Заявление Владимира Путина, сделанное им на прошлой неделе в городе Жуковском, о создании на базе этого подмосковного наукограда национального центра авиастроения, комментируется в основном как бесспорное благо для отечественного авиапрома.
«Убежден, что сегодня у Жуковского есть все возможности стать динамично развивающимся центром авиастроения России, да и не только России – Европы и всего мира, – подчеркнул президент. – Здесь предстоит создать авиационный кластер, серьезный и большой: разместить институты и объединенный инженерный центр; развернуть подразделения основных фирм, работающих как в авиастроении, так и в смежных отраслях; построить современную промышленную, транспортную, инженерную и, конечно, социальную инфраструктуру. Здесь будет сформирована сеть научных венчурных предприятий. Дополнительные возможности должны быть предложены для малого бизнеса, для самостоятельных лабораторий, дизайнерских и научных центров».

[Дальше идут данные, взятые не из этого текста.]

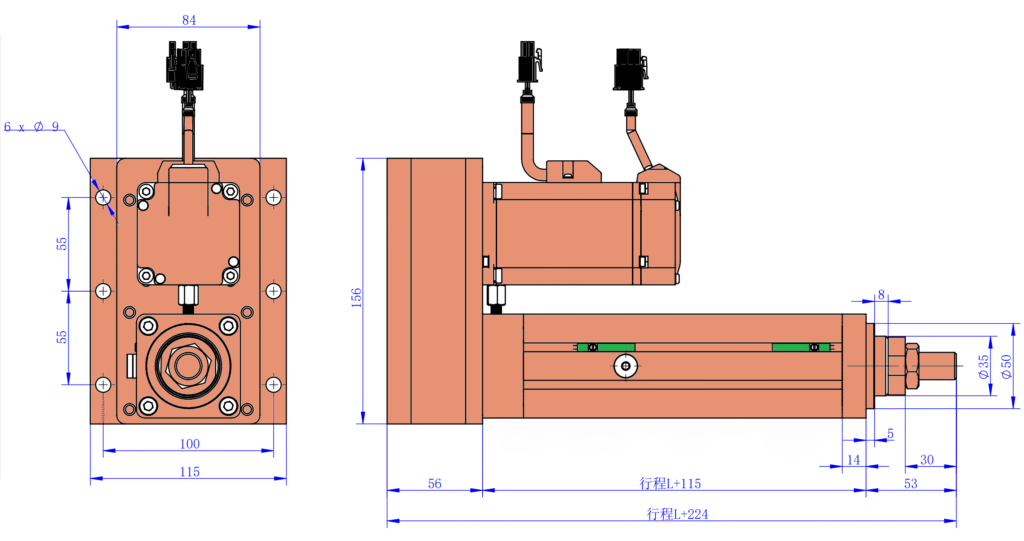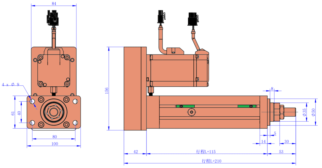 | 匹配400W伺服-前法兰安装-外螺纹输出-额定推力1350N-有效行程100mm-额定速度250mm/s | HHM802-R1101P05C7ASFE2NA04DNN-1 | |
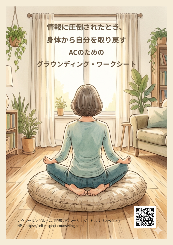 「情報に圧倒されたとき、身体から自分を取り戻す|ACのためのグラウンディング・ワークシート(PDF)」をご紹介します! 情報を見ているだけなのに、なぜか苦しくなってしまうことはありませんか? SNSやニュースを見ているうちに、不安が止まらなくなる ... -
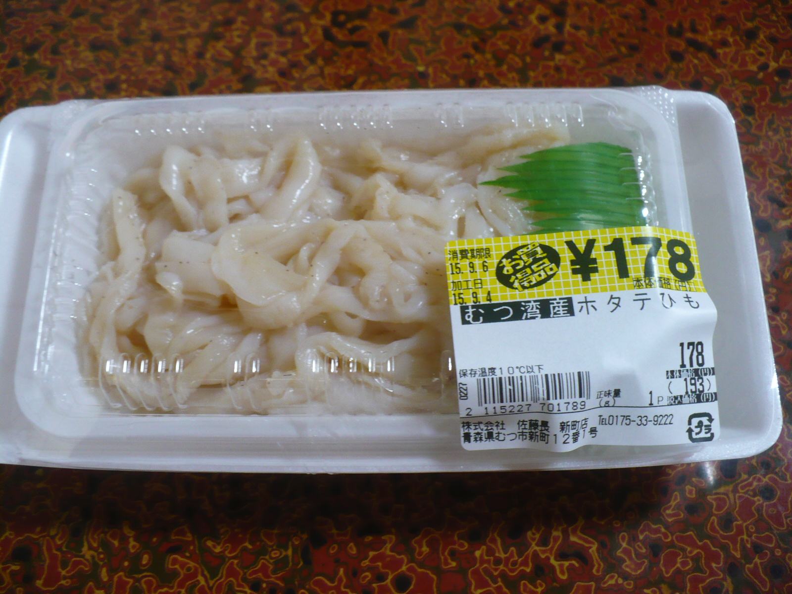 酒の肴は陸奥の地酒に陸奥の肴です! 地元産のホタテのヒモの刺身です!1パックに結構な量が入って178円と激安!そして美味い! コリコリとした食感がたまりません!(^∀^)
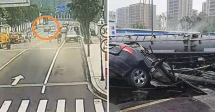 影 / 巨大打樁機倒塌「壓爛轎車奪命」 民眾嚇壞:像設計好的
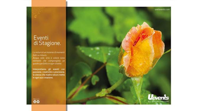 Eventi curati nel dettaglio, dove nulla è mai lasciato al caso. Eventi unconventional e creati su misura sulle esigenze del cliente. Eventi ‘interpretati’ con passione, creatività e precisione, la stessa che Madre Natura infonde in ogni sua creazione. E proprio da questa considerazione nascono la nuova campagna e il nuovo claim ‘Eventi di Stagione’ di Uevents che dal 21 marzo, il primo giorno di primavera, ne caratterizza la comunicazione.
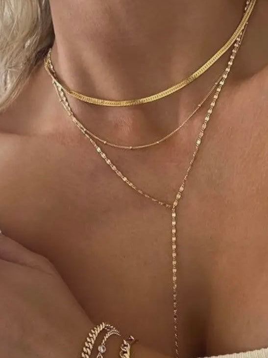 18K Plated Stainless Steel Tarnish-Free Station of Layered Y Necklace
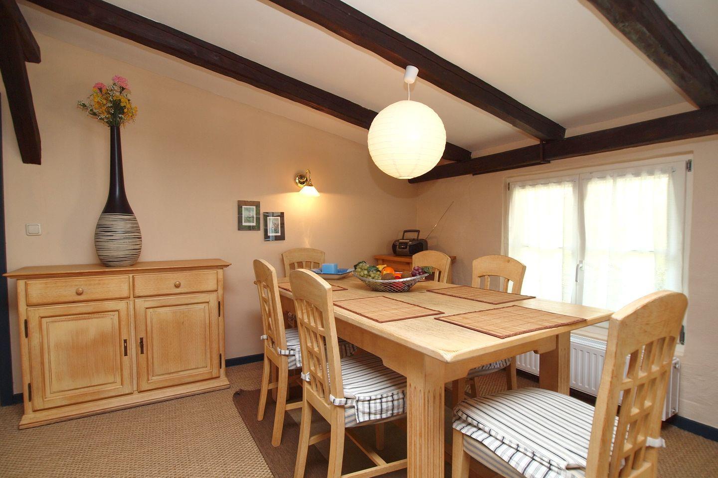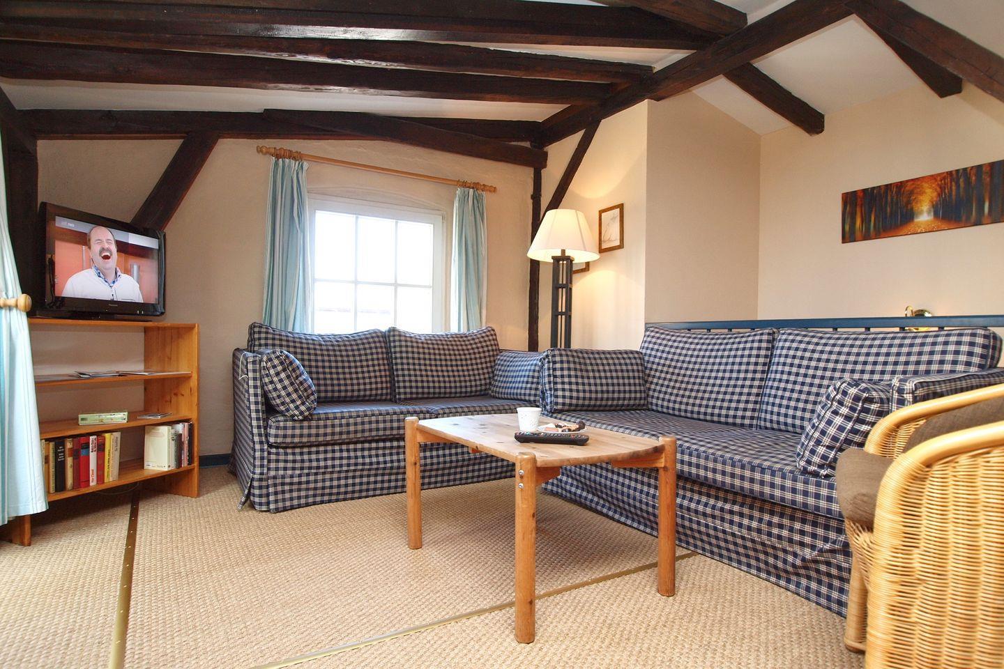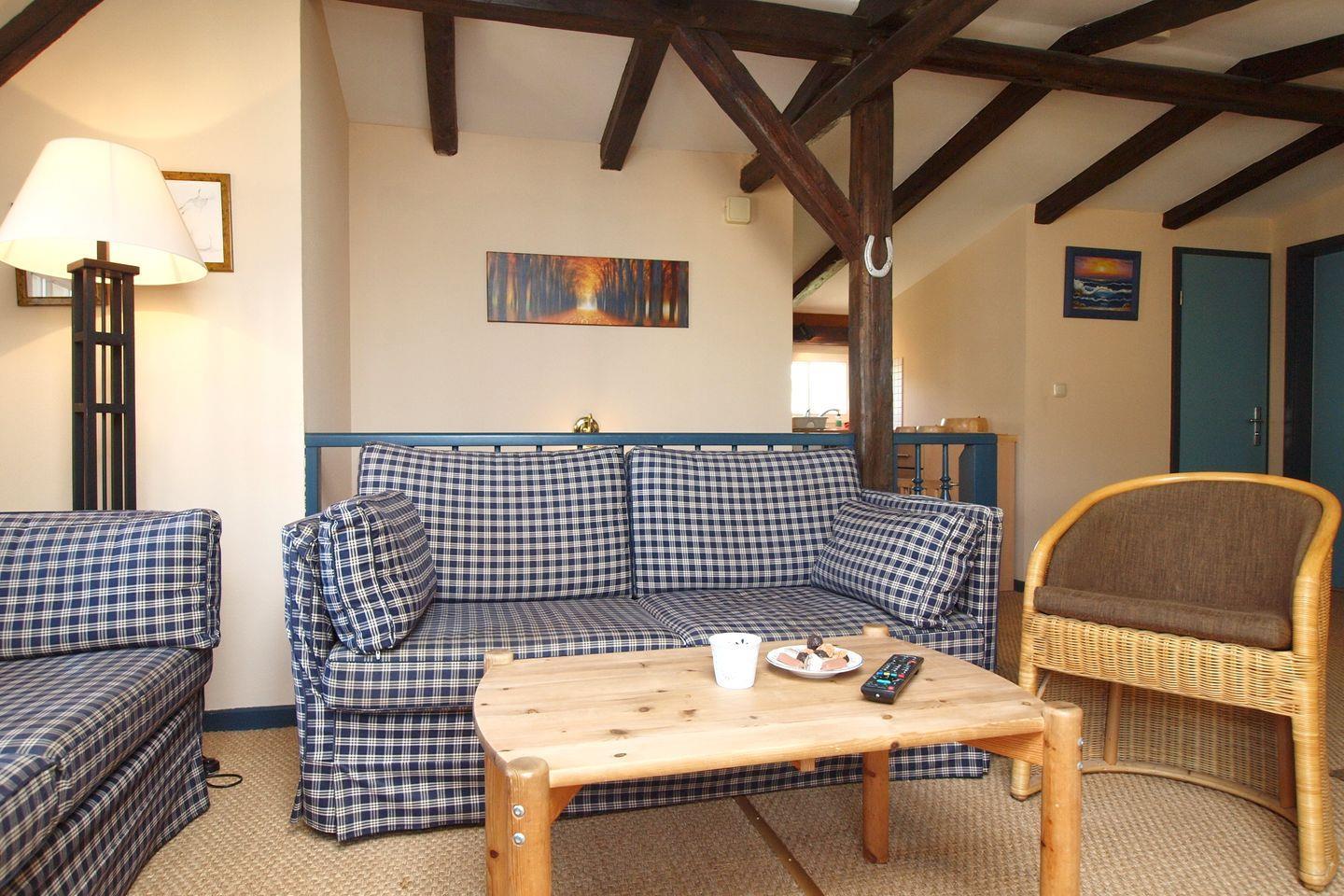 Der Wohnbereich der Ferienwohnung ist mit einer gemütlichen Sitzecke, einem Flachbild-TV, einem Radio und zwei Kommoden eingerichtet. Der integrierte und großzügige Essbereich bietet dir viel Platz für gemeinsame Mahlzeiten.
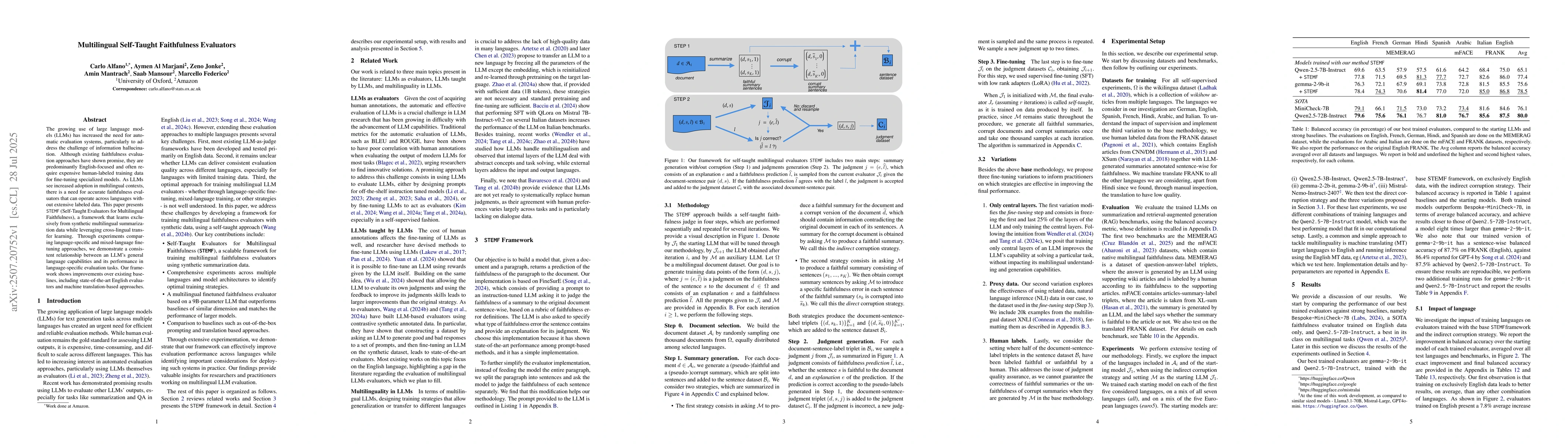 The growing use of large language models (LLMs) has increased the need for automatic evaluation systems, particularly to address the challenge of information hallucination. Although existing faithfulness evaluation approaches have shown promise, they are predominantly English-focused and often require expensive human-labeled training data for fine-tuning specialized models. As LLMs see increased adoption in multilingual contexts, there is a need for accurate faithfulness evaluators that can operate across languages without extensive labeled data. This paper presents Self-Taught Evaluators for Multilingual Faithfulness, a framework that learns exclusively from synthetic multilingual summarization data while leveraging cross-lingual transfer learning. Through experiments comparing language-specific and mixed-language fine-tuning approaches, we demonstrate a consistent relationship between an LLM's general language capabilities and its performance in language-specific evaluation tasks. Our framework shows improvements over existing baselines, including state-of-the-art English evaluators and machine translation-based approaches.
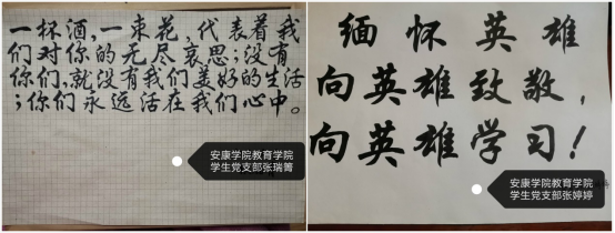 活动在三个平台同时开展:自主祭奠,同学们登录中华英烈网,在人民英雄纪念碑前,为英烈献花,学习英雄事迹,留下感言寄语;发挥专业特长,用书法作品、剪贴画、手抄报、段视频等各类作品表达对英雄的尊敬、书写感言寄语缅怀英雄故人,并在best365中国官方网站员工党支部群、best365中国官方网站班团干部群等QQ群同步分享;利用安康先锋智慧党建平台进行线上讨论,加深思想认识,坚定理想信念。
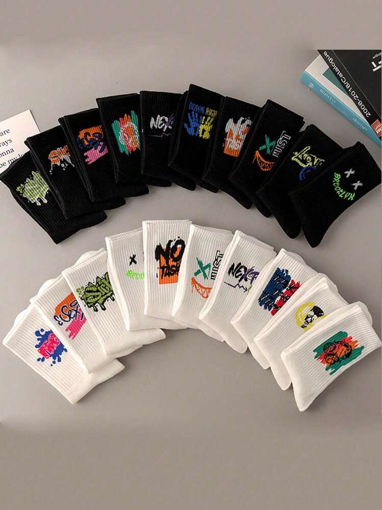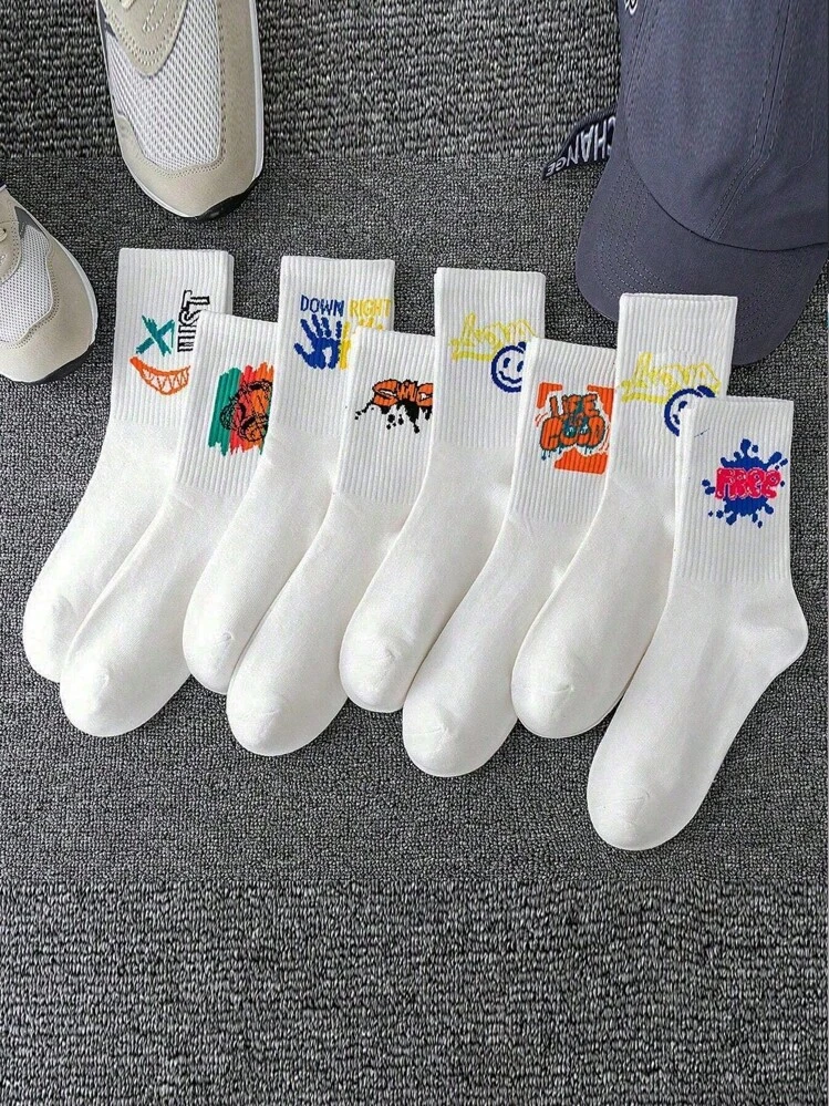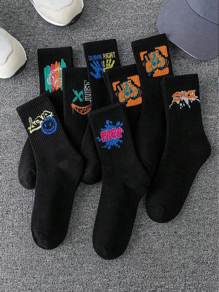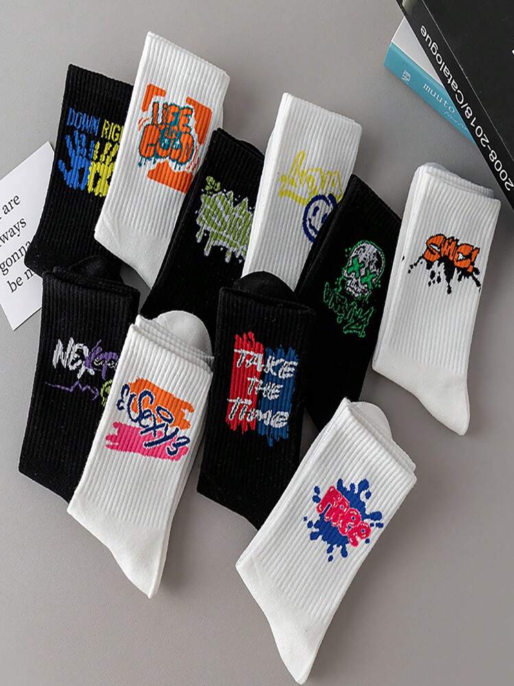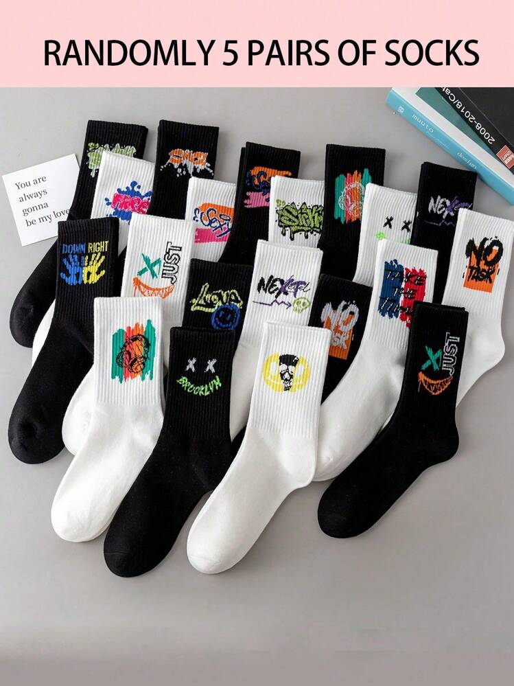 5 أزواج/مجموعة من جوارب رجالي عشوائية عصرية ذات طباعة، جوارب كاجوال رياضية مطبوعة برسومات الجرافيتي

На все это «кластеростроение» планируется потратить около 1 млрд. долл. (см. «НГ» от 21.02.08). То есть создание мирового лидера в авиастроении обойдется в сумму, на порядок меньшую, чем проведение зимней Олимпиады в Сочи, и в шесть раз меньшую, чем выделено на ближайшие два года на функционирование Российской корпорации нанотехнологий. Попахивает очередным экономическим чудом, не иначе. Впрочем, у этого «чуда», похоже, есть идеологическая база – «Концепция развития кластерной политики в Российской Федерации», разработанная Министерством экономического развития и торговли РФ в 2007 году. Проблема, однако, в том, что до сих пор в экономической науке не существует методик определения на стадии формирования кластера точного сочетания образующих этот кластер отраслей. Об успешности кластерного подхода можно говорить только постфактум, задним числом. В этом – слабость кластерного подхода.
МЭРТ исходит из того, что важнейшие характеристики кластера – географическая концентрация и близость основных его участников, их «критическая масса», а также наличие между участниками кластера формальных и неформальных связей.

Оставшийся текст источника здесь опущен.